This exercise specifically requires that we use the root test to determine whether the series converges or not.
All I've done so far is get the sequence in this form: $$\sqrt[n] \frac{n^{n+\frac{1}{n}}}{(n+\frac{1}{n})^{n}} = \sqrt \frac{n^{(1+n^{-2})n}}{(n+\frac{1}{n})^n}=\frac{n^{1+n^{-2}}}{n+\frac{1}{n}} = \frac{n^{\frac{n^2+1}{n^{2}}}}{n^{2}+1}$$
But, I'm not even sure if I'm on the right track here. Any guidance is appreciated.

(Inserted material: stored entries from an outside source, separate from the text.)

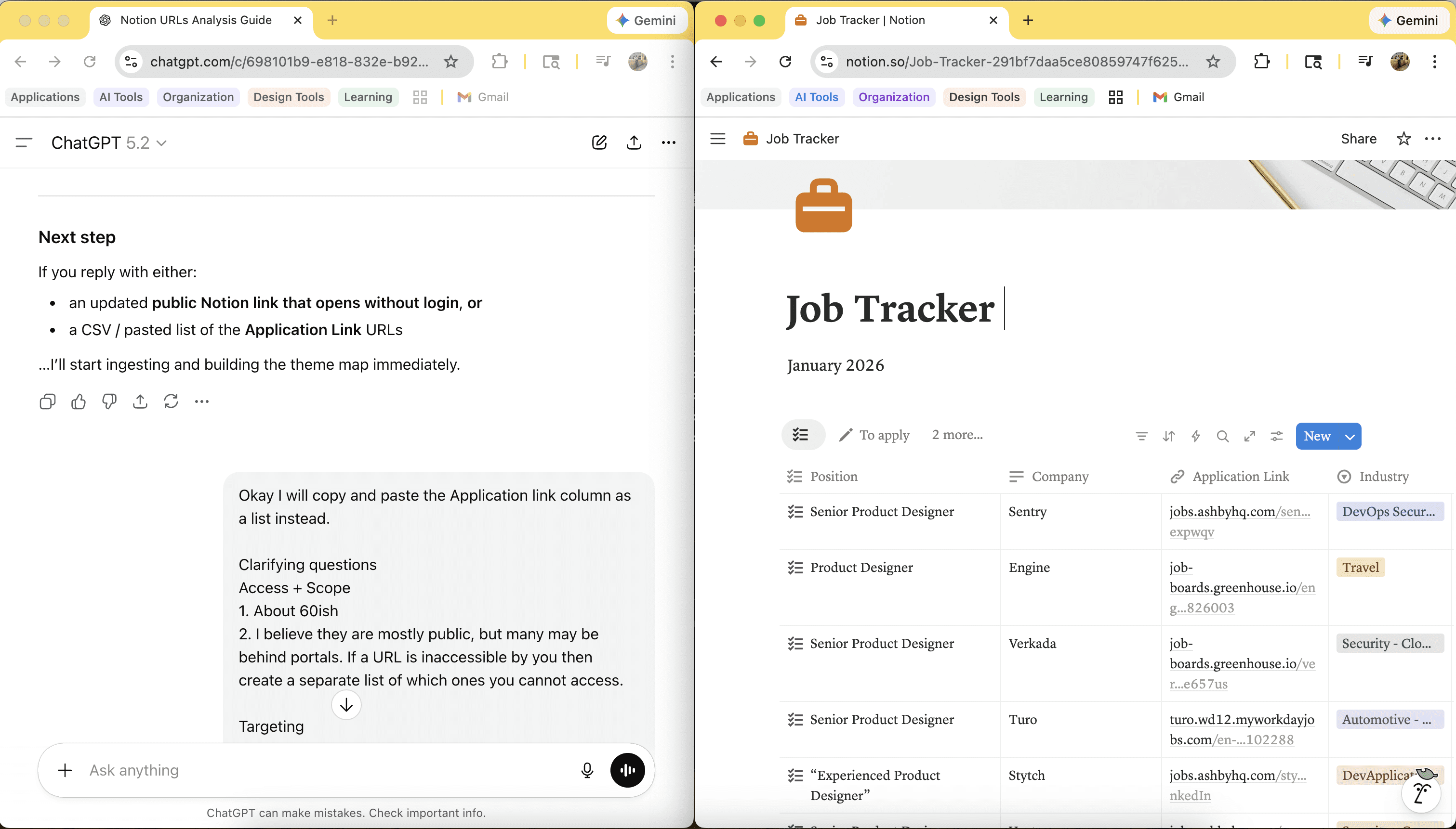 60+ relevant job descriptions URLs added into ChatGPT prompted to target most common themes to promote in the first view of my portfolio.
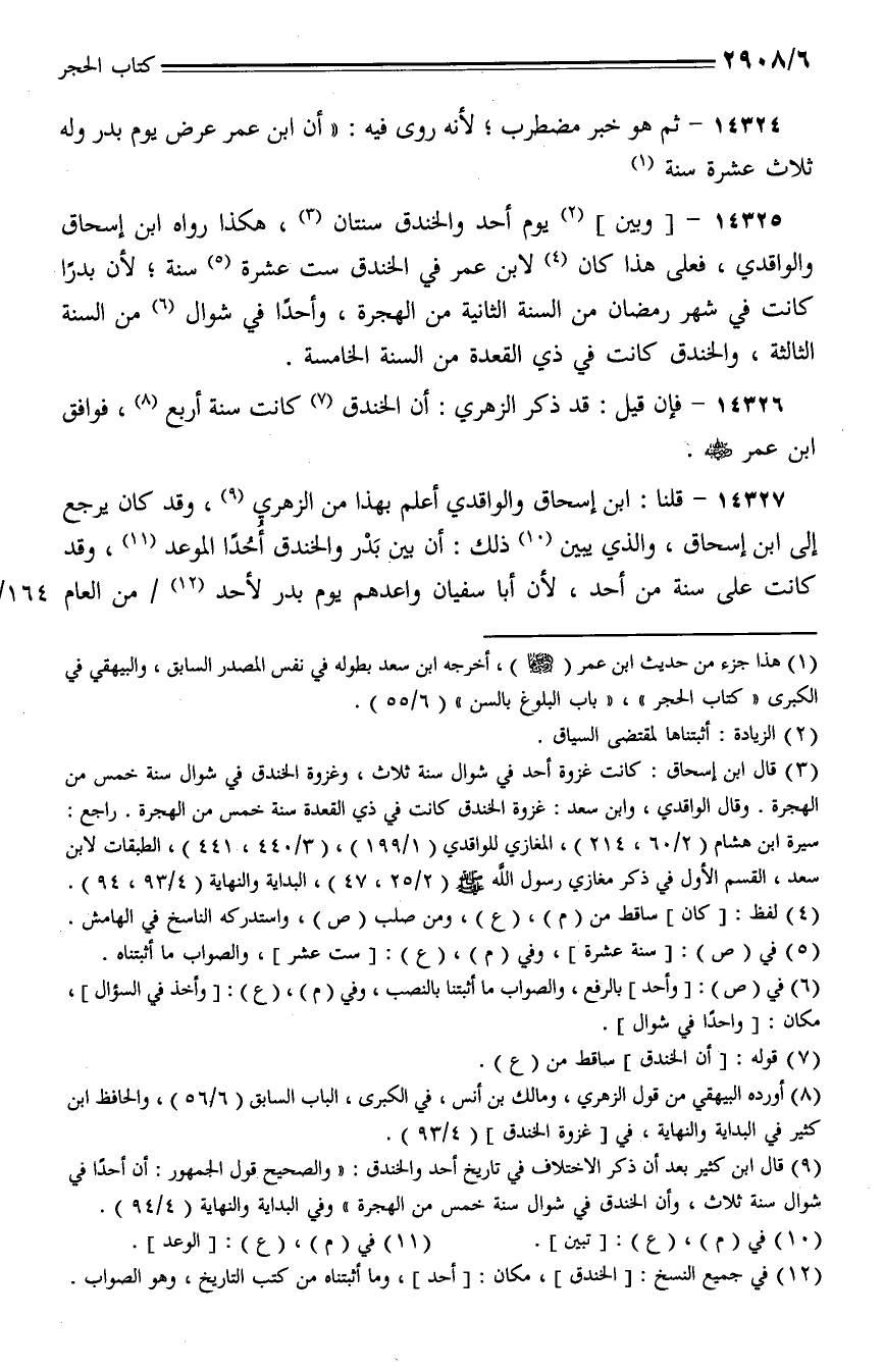14326 - فإن قيل: قد ذكر الزهري: أن الخندق كانت سنة أربع، فوافق ابن عمر - رضي الله عنه -.
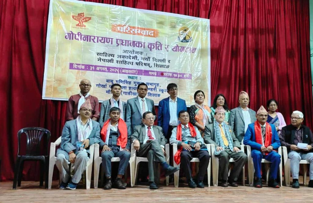भारत । साहित्य एकेडेमी, नयाँ दिल्ली र नेपाली साहित्य परिषद, सिलोङको संयुक्त आयोजनामा साहित्यकार गोपीनारायण प्रधानका कृति तथा योगदानमा आधारित विचार गोष्ठी गाडीखाना, सिलोङमा सम्पन्न भएको छ।
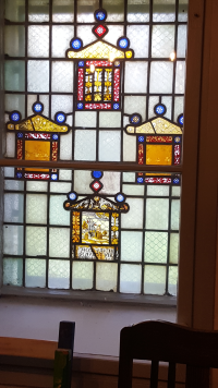 Im Krieg wurden mehrere der schönen Glasfenter der Kirche zerstört. Aus den erhaltenen Resten wurde für die Kinder dieses kleine Fenster gestaltet, das den kleinen Raum nun in freunliches Licht taucht.
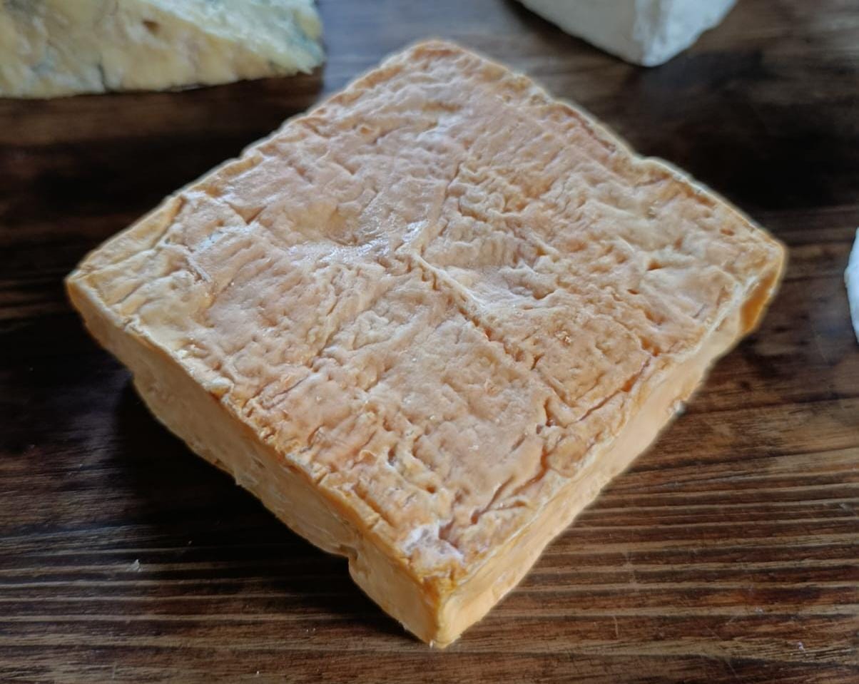 Nuestro queso de corteza lavada, con inspiración en el Taleggio. De aroma penetrante, que recuerda a carnes maduradas, establo y coles, corteza pegajosa, sabor intenso, salado y sensación adherente en boca, y textura granulada en un queso joven o cremosa en su versión madura.

$$\sqrt[n] \frac{n^{n+\frac{1}{n}}}{(n+\frac{1}{n})^{n}} = \frac{n^{1 + \frac{1}{n^2}}}{n + \frac{1}{n}}=\frac{n^{1 + \frac{1}{n^2}}}{n(1 + \frac{1}{n^2})}$$
Let $x = 1 + \frac{1}{n^2}$, then
$$\frac{n^{1 + \frac{1}{n^2}}}{n(1 + \frac{1}{n^2})} = \frac{n^x}{n\cdot x}$$
See, that:
$$\lim_{n \rightarrow \infty} (1 + \frac{1}{n^2}) = 1$$
So this means, that eventually, the numerator and denominator will be equal for $n$ to infinity, which means that
$$\lim_{n \rightarrow \infty} \sqrt[n] \frac{n^{n+\frac{1}{n}}}{(n+\frac{1}{n})^{n}} = 1$$
But as $\frac{n^{1 + \frac{1}{n^2}}}{n(1 + \frac{1}{n^2})} = \frac{n^x}{nx}$ will always be greater than one ($n^x > nx$ here for $n \in \mathbb{N}$), the root test tells you that the series is divergent (as the limit "strictly approaches from above").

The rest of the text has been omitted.